- _WHAT THE TASK REQUIRES_: Because the material must be preserved as it stands, copy every line exactly.

- _RECORDS FOR THIS TASK_:
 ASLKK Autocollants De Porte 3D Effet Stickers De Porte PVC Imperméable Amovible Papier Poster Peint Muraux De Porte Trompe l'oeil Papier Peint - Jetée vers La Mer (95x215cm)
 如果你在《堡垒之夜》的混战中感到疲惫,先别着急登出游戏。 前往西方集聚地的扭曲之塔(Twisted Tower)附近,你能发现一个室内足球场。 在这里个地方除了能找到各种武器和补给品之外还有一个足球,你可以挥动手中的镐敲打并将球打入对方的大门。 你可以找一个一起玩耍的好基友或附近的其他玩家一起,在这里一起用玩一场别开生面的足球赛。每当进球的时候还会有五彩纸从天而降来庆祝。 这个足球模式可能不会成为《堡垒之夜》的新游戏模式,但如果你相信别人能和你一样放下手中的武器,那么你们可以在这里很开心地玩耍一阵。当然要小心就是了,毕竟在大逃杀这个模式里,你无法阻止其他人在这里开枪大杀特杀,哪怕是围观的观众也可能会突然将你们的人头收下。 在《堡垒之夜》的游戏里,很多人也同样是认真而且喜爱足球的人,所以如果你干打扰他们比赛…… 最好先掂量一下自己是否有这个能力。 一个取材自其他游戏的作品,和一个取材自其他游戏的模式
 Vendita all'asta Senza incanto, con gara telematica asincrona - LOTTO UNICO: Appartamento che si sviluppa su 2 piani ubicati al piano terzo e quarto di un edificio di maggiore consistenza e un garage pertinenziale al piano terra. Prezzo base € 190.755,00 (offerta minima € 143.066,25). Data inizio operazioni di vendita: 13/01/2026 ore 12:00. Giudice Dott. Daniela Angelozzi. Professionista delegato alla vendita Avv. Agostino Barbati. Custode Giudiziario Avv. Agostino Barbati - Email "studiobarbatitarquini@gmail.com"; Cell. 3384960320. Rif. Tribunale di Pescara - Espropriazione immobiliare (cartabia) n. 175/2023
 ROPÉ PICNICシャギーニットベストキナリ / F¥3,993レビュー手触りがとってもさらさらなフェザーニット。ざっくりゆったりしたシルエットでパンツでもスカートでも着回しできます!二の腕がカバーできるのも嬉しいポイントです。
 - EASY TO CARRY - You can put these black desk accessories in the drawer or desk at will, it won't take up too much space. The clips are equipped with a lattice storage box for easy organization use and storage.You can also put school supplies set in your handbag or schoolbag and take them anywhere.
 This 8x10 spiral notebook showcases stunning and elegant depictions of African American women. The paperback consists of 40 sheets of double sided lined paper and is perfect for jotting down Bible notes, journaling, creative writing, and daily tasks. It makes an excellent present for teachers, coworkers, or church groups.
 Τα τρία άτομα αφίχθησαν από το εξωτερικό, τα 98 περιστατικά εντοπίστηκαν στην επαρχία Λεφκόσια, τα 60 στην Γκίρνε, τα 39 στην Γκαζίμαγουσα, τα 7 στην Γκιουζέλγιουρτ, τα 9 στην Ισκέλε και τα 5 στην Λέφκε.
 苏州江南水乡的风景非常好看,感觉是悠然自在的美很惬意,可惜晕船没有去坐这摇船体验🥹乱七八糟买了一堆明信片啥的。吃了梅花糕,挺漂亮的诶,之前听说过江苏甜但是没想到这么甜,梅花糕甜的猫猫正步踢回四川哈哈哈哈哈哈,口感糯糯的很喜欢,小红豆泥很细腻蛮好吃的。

- _SOLUTION_:
 ASLKK Autocollants De Porte 3D Effet Stickers De Porte PVC Imperméable Amovible Papier Poster Peint Muraux De Porte Trompe l'oeil Papier Peint - Jetée vers La Mer (95x215cm)
 如果你在《堡垒之夜》的混战中感到疲惫,先别着急登出游戏。 前往西方集聚地的扭曲之塔(Twisted Tower)附近,你能发现一个室内足球场。 在这里个地方除了能找到各种武器和补给品之外还有一个足球,你可以挥动手中的镐敲打并将球打入对方的大门。 你可以找一个一起玩耍的好基友或附近的其他玩家一起,在这里一起用玩一场别开生面的足球赛。每当进球的时候还会有五彩纸从天而降来庆祝。 这个足球模式可能不会成为《堡垒之夜》的新游戏模式,但如果你相信别人能和你一样放下手中的武器,那么你们可以在这里很开心地玩耍一阵。当然要小心就是了,毕竟在大逃杀这个模式里,你无法阻止其他人在这里开枪大杀特杀,哪怕是围观的观众也可能会突然将你们的人头收下。 在《堡垒之夜》的游戏里,很多人也同样是认真而且喜爱足球的人,所以如果你干打扰他们比赛…… 最好先掂量一下自己是否有这个能力。 一个取材自其他游戏的作品,和一个取材自其他游戏的模式
 Vendita all'asta Senza incanto, con gara telematica asincrona - LOTTO UNICO: Appartamento che si sviluppa su 2 piani ubicati al piano terzo e quarto di un edificio di maggiore consistenza e un garage pertinenziale al piano terra. Prezzo base € 190.755,00 (offerta minima € 143.066,25). Data inizio operazioni di vendita: 13/01/2026 ore 12:00. Giudice Dott. Daniela Angelozzi. Professionista delegato alla vendita Avv. Agostino Barbati. Custode Giudiziario Avv. Agostino Barbati - Email "studiobarbatitarquini@gmail.com"; Cell. 3384960320. Rif. Tribunale di Pescara - Espropriazione immobiliare (cartabia) n. 175/2023
 ROPÉ PICNICシャギーニットベストキナリ / F¥3,993レビュー手触りがとってもさらさらなフェザーニット。ざっくりゆったりしたシルエットでパンツでもスカートでも着回しできます!二の腕がカバーできるのも嬉しいポイントです。
 - EASY TO CARRY - You can put these black desk accessories in the drawer or desk at will, it won't take up too much space. The clips are equipped with a lattice storage box for easy organization use and storage.You can also put school supplies set in your handbag or schoolbag and take them anywhere.
 This 8x10 spiral notebook showcases stunning and elegant depictions of African American women. The paperback consists of 40 sheets of double sided lined paper and is perfect for jotting down Bible notes, journaling, creative writing, and daily tasks. It makes an excellent present for teachers, coworkers, or church groups.
 Τα τρία άτομα αφίχθησαν από το εξωτερικό, τα 98 περιστατικά εντοπίστηκαν στην επαρχία Λεφκόσια, τα 60 στην Γκίρνε, τα 39 στην Γκαζίμαγουσα, τα 7 στην Γκιουζέλγιουρτ, τα 9 στην Ισκέλε και τα 5 στην Λέφκε.
 苏州江南水乡的风景非常好看,感觉是悠然自在的美很惬意,可惜晕船没有去坐这摇船体验🥹乱七八糟买了一堆明信片啥的。吃了梅花糕,挺漂亮的诶,之前听说过江苏甜但是没想到这么甜,梅花糕甜的猫猫正步踢回四川哈哈哈哈哈哈,口感糯糯的很喜欢,小红豆泥很细腻蛮好吃的。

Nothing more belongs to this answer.